🤖 AI Summary
Existing large reasoning models (LRMs) face two critical bottlenecks in multilingual settings: input–output language inconsistency and high error rates in non-English reasoning paths, leading to low answer accuracy. To address these issues, we propose M-Thinker—a novel framework that, for the first time, integrates explicit language consistency constraints and cross-lingual reasoning path alignment into a reinforcement learning (RL) paradigm, optimized iteratively via the Generalized Reward Policy Optimization (GRPO) algorithm. Our key contribution lies in designing dual reward signals—language consistency reward and cross-lingual reasoning alignment reward—enabling efficient transfer of strong English reasoning capabilities to non-English languages.
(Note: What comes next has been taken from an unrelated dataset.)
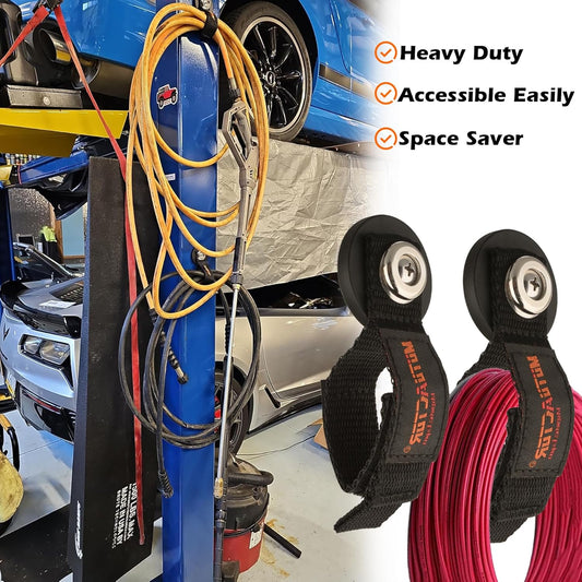 MUTUACTOR 2packs Magnetic Hooks Heavy Duty,Strong Magnet Garage Hook Large Capability for Hanging Cables Rubber Coating Mounting Magnet Storage Hooks for Garden Hoses Ropes Cordless Drills Tools Box

Experiments on MMATH and PolyMath benchmarks demonstrate that M-Thinker-1.5B/7B achieves near-perfect (~100%) language consistency and substantially improves non-English reasoning accuracy, while exhibiting robust cross-lingual generalization.
📝 Abstract
Large Reasoning Models (LRMs) have achieved remarkable performance on complex reasoning tasks by adopting the"think-then-answer"paradigm, which enhances both accuracy and interpretability. However, current LRMs exhibit two critical limitations when processing non-English languages: (1) They often struggle to maintain input-output language consistency; (2) They generally perform poorly with wrong reasoning paths and lower answer accuracy compared to English. These limitations significantly degrade the user experience for non-English speakers and hinder the global deployment of LRMs. To address these limitations, we propose M-Thinker, which is trained by the GRPO algorithm that involves a Language Consistency (LC) reward and a novel Cross-lingual Thinking Alignment (CTA) reward. Specifically, the LC reward defines a strict constraint on the language consistency between the input, thought, and answer. Besides, the CTA reward compares the model's non-English reasoning paths with its English reasoning path to transfer its own reasoning capability from English to non-English languages. Through an iterative RL procedure, our M-Thinker-1.5B/7B models not only achieve nearly 100% language consistency and superior performance on two multilingual benchmarks (MMATH and PolyMath), but also exhibit excellent generalization on out-of-domain languages.